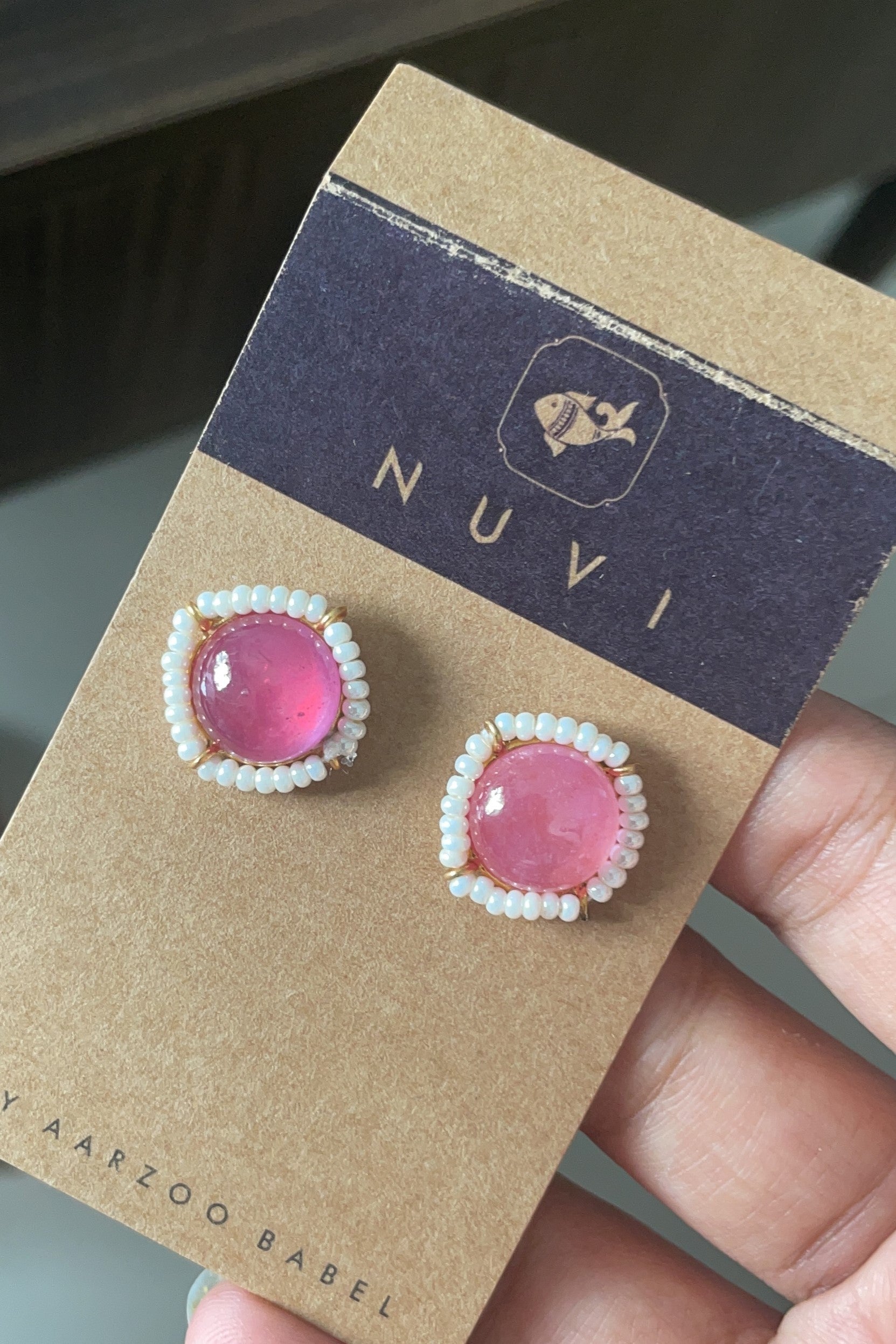 Introducing our Gulabi Earstuds, featuring a stunning strawberry quartz stone accented by a delicate line of seed pearls. These minimal studs add a touch of elegance to your casual attire.
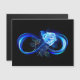 Luminous infinity symbol with glowing, beautiful, lushly blooming rose made of blue flames on black background.
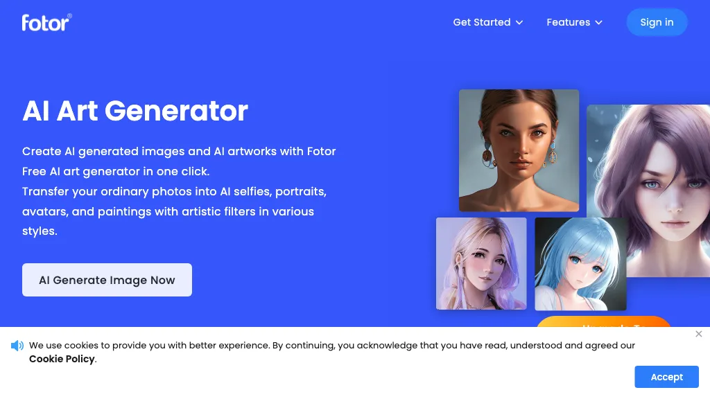The AI Art Generator by Fotor allows users to input text prompts or upload photos to quickly and easily transform them into various art styles, including photorealistic, illustrative, cartoon, 3D, and..

# # # # #

### What the task asks
Pictures stay out; output the lines from the top of the listing above through the line containing "Luminous infinity symbol", exactly as they stand.

### Expected answer
 Introducing our Gulabi Earstuds, featuring a stunning strawberry quartz stone accented by a delicate line of seed pearls. These minimal studs add a touch of elegance to your casual attire.
 Luminous infinity symbol with glowing, beautiful, lushly blooming rose made of blue flames on black background.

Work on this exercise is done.